Tuesday, June 23, 2015

The moment you realize infertility has taken over

Sometimes my words just do not come out right, sometimes it's hard to explain how I'm feeling. I learned today that in just about every conversation I have, infertility is on my mind.

I was in a discussion last week about karma. I said that I do not believe in karma because there are some really crappy people out there and nothing bad ever happens to them, and there are some really great people who just can't catch a break. In the same thought I mentioned I do however believe  I put good in the world in hopes that someone will be good to me when I need it. These comments blew the minds of those I was talking to. They said they now saw me in a different light, that they thought I was a nice person because it's the right thing to do, only now they believe it's because I want something in return.

Little did they know that I am struggling with finding good in the world and I'm very lost in it. I couldn't to put in words that I have prayed and pleaded with God to allow me to conceive a child, I have thought that maybe what goes around, does come around and maybe I need to put good back in the world to receive it only to be left empty and broken. I've tried every rational process of trying to understand why I'm infertile and others aren't. The conversation about karma circled around to infertility for me. It's the most heart breaking experience I have ever gone thru, so I'm sorry I don't have the "right" outlook on life in your opinion. My outlook is very blurry. I know I should lean on God but at the same time I'm so heart broken its hard to not question "WHY"?!

Second conversation with these same people came around today. It was about teaching children to share. Let me preface this with I do want my children to share with others. I told these people I do not believe in sharing (so maybe that wasn't the best thing to say). I went on to explain that when children think they must have a turn riding that bike, or whatever the object is, that sometimes life isn't that way.
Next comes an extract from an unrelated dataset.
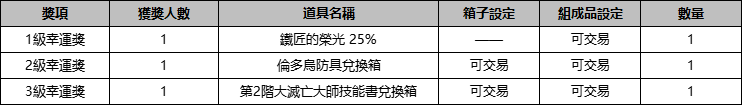 3.以2026年2月4日維護時為准,將統計全體伺服器角色背包中的《倫多烏幸運劵》持有數,並從中抽取3名幸運角色發放幸運獎勵。
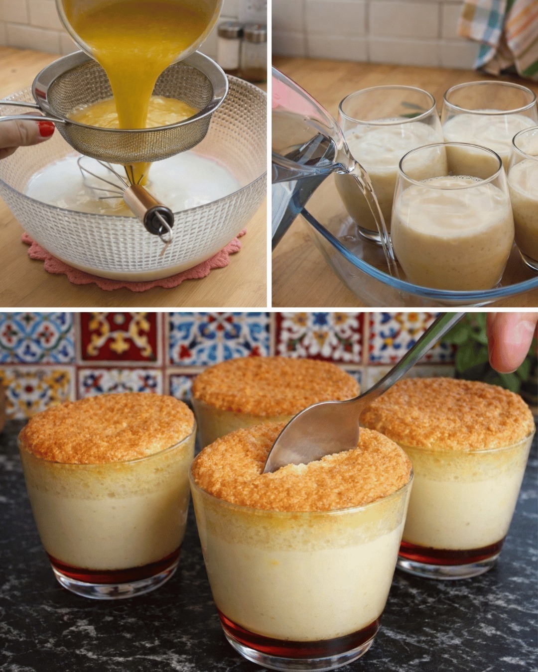 Häll omedelbart karamellen i botten av värmetåliga ramekiner. Ställ åt sidan.

Sometimes you don't get your turn...friends this was the moment I realized I wasn't talking about bratty children, I was talking about myself.
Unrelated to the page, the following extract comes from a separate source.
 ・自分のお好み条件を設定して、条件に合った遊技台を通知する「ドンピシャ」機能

I was talking about how unfair life can be and there isn't anything you can do about it sometimes. These people had NO CLUE what I was struggling with in this conversation. All they saw was a 31 year old childless woman saying she doesn't believe in sharing. They asked me if I was an only child and really made me feel like an awful person, but if they knew what my heart was saying would they have given me a pass to misspeak?  I am not sure but I do know this, infertility is a life changing, thought altering hardship. People do not understand the stress and pressure I feel right now waiting to find out if we're going to be parents this month or not.

I have no news on my TWW. I Haven't tested and I don't plan to until Friday (even though if i'm going to start it will be today or tomorrow most likely).